→ **Problem requirements**
The lines running from the one that contains "Adjacent to the" to the end of the records below are what to reproduce, exactly and without pictures.

- - - - - - -

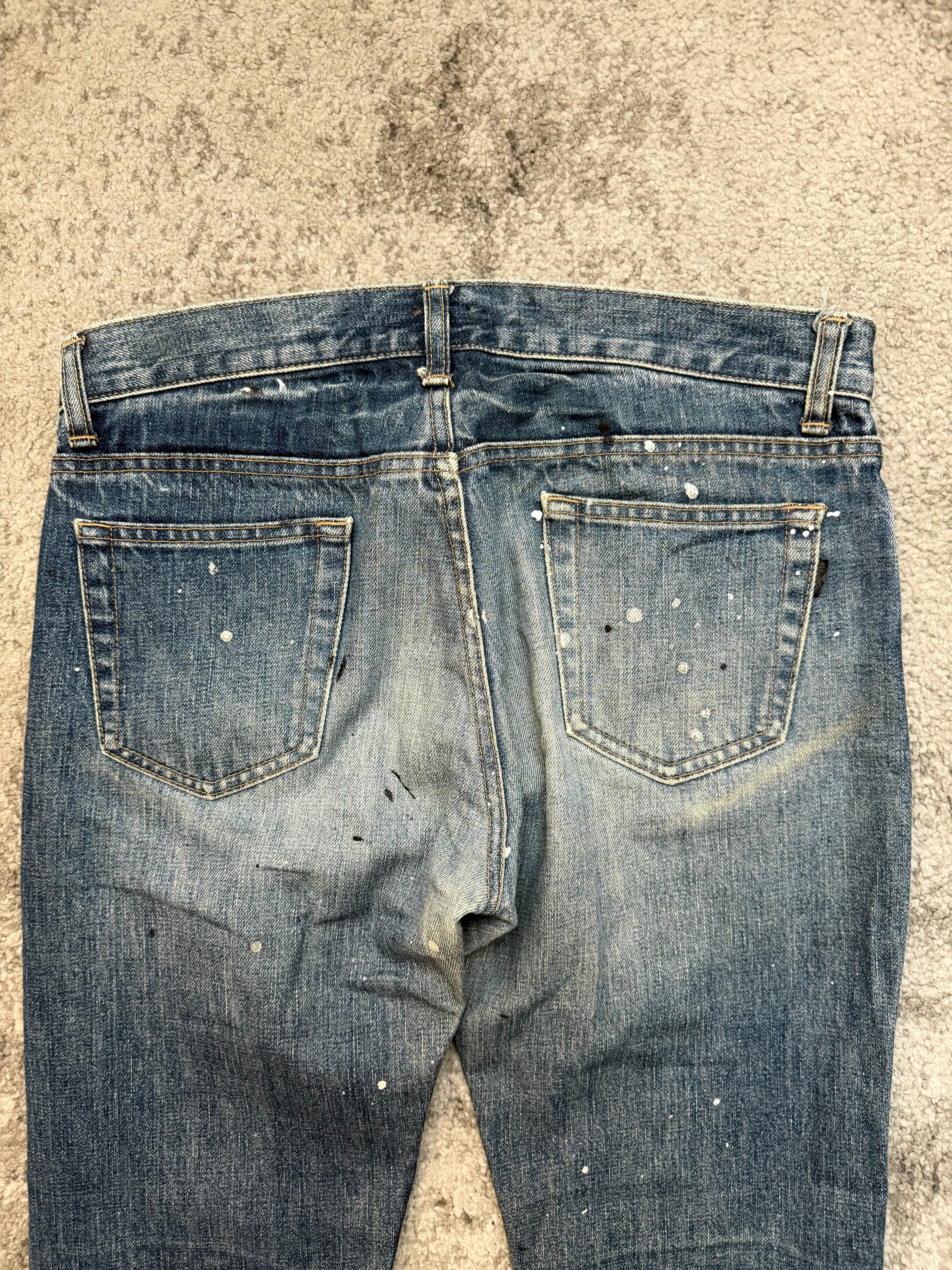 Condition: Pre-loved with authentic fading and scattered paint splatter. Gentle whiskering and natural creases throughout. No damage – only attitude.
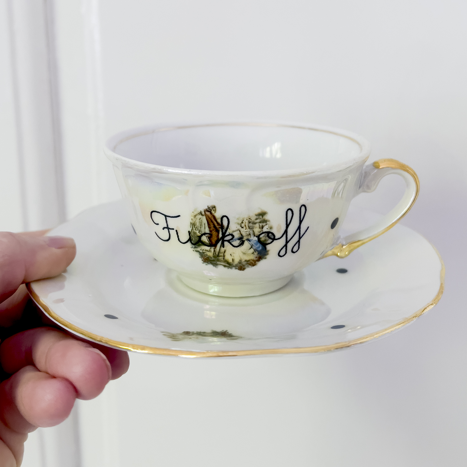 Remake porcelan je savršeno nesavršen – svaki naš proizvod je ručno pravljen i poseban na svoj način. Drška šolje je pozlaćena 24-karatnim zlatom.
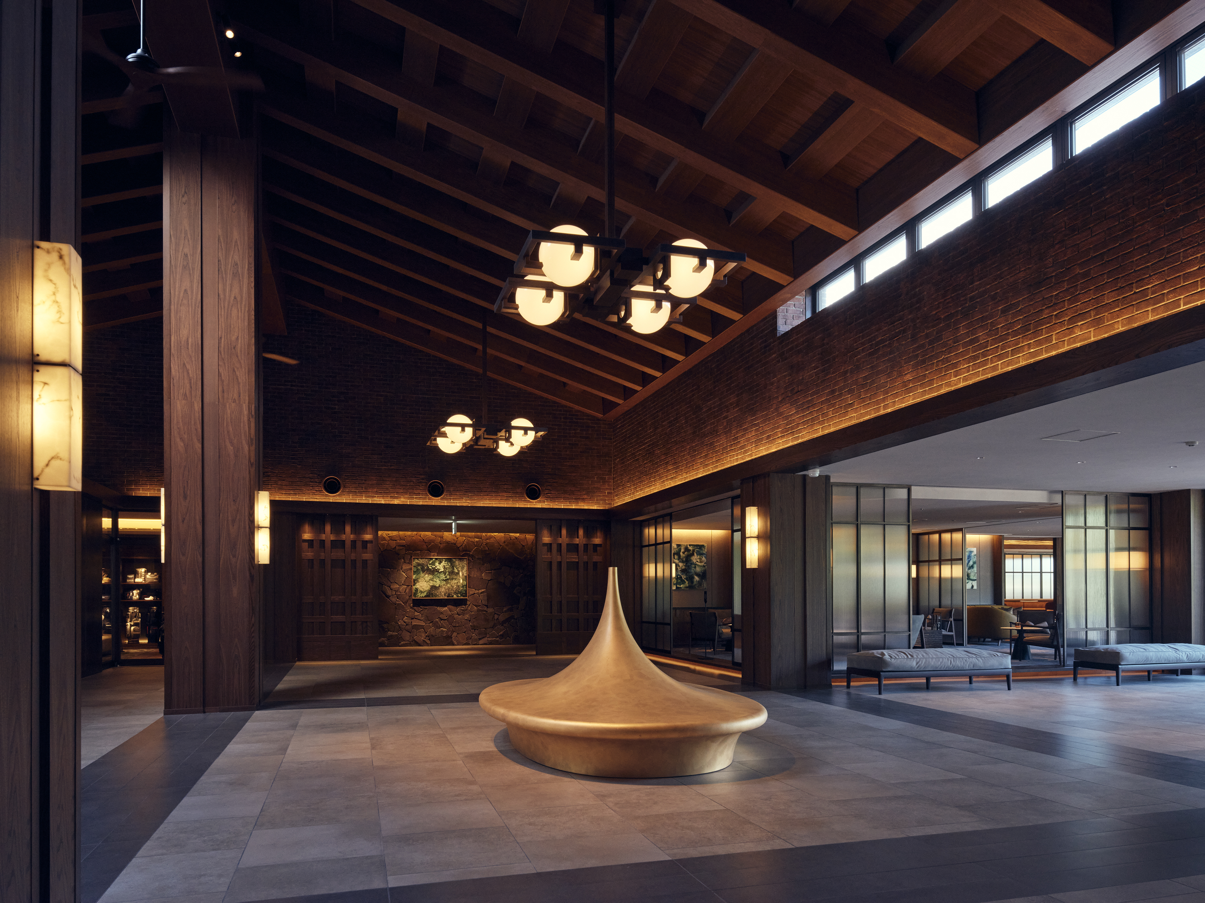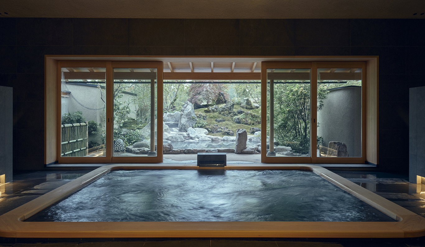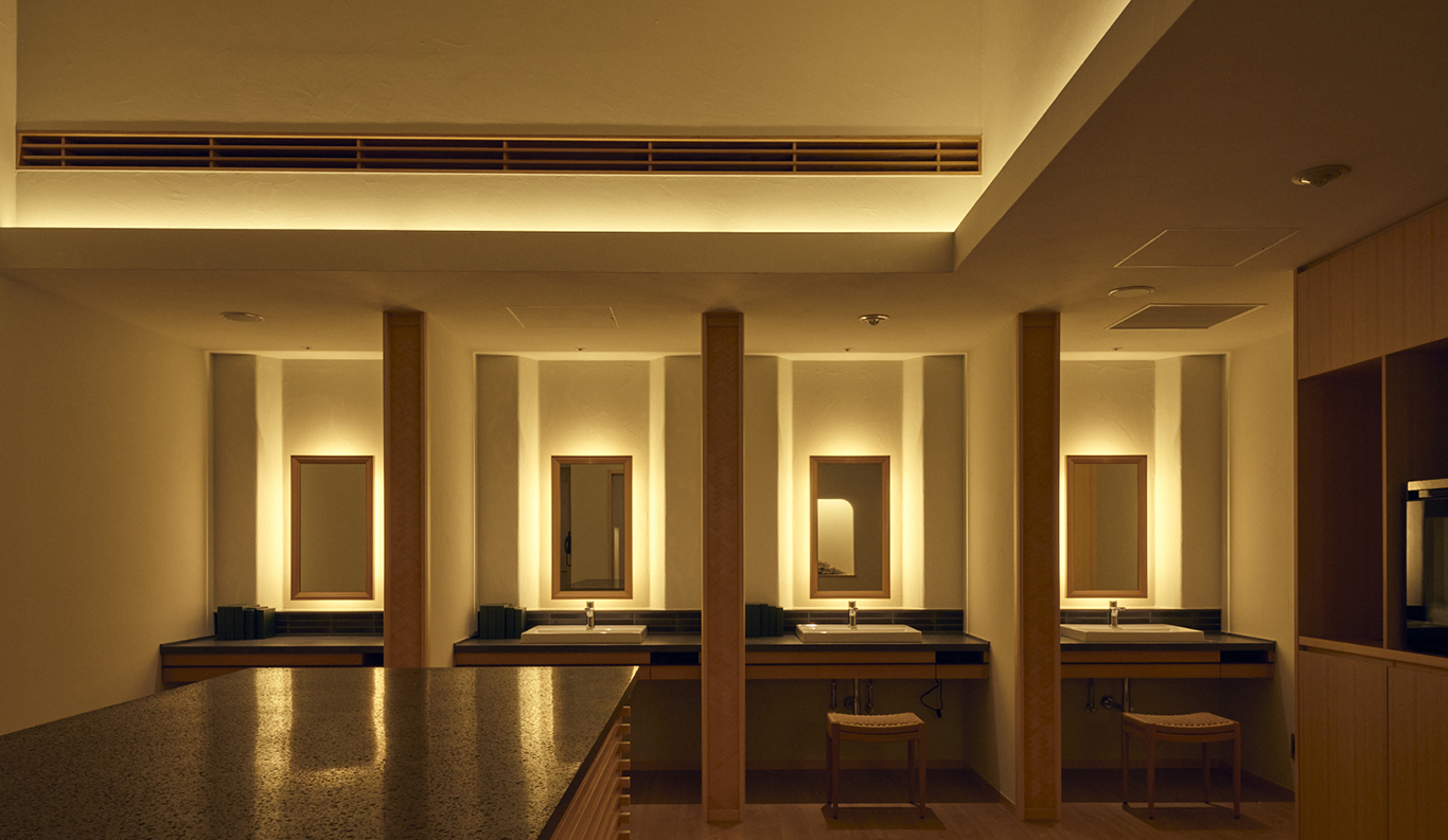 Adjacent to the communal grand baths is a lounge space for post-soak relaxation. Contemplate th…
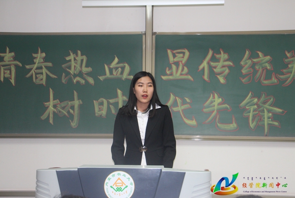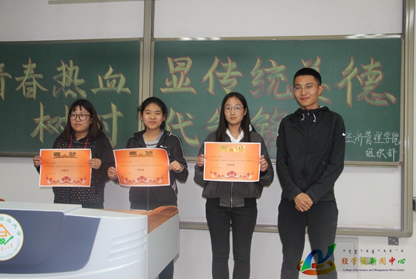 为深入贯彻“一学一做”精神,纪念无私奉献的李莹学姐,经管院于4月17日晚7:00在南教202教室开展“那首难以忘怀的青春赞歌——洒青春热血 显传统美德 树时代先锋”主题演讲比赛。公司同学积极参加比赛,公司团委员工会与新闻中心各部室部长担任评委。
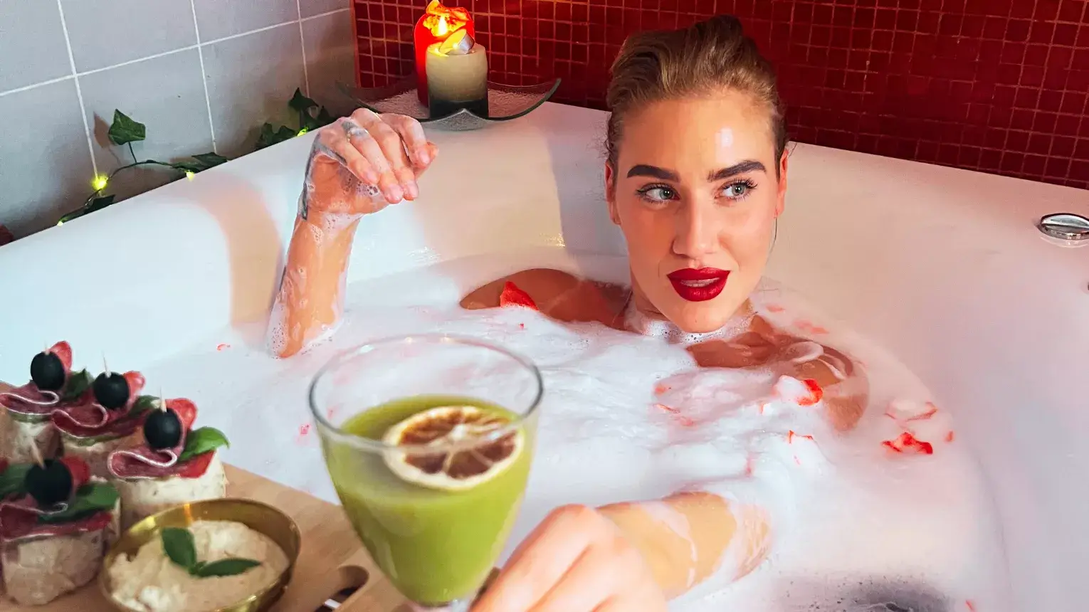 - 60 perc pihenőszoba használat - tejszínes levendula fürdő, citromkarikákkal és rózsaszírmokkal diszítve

- - - - - - -

→ **Exercise output**
 Adjacent to the communal grand baths is a lounge space for post-soak relaxation. Contemplate th…
 为深入贯彻“一学一做”精神,纪念无私奉献的李莹学姐,经管院于4月17日晚7:00在南教202教室开展“那首难以忘怀的青春赞歌——洒青春热血 显传统美德 树时代先锋”主题演讲比赛。公司同学积极参加比赛,公司团委员工会与新闻中心各部室部长担任评委。
 - 60 perc pihenőszoba használat - tejszínes levendula fürdő, citromkarikákkal és rózsaszírmokkal diszítve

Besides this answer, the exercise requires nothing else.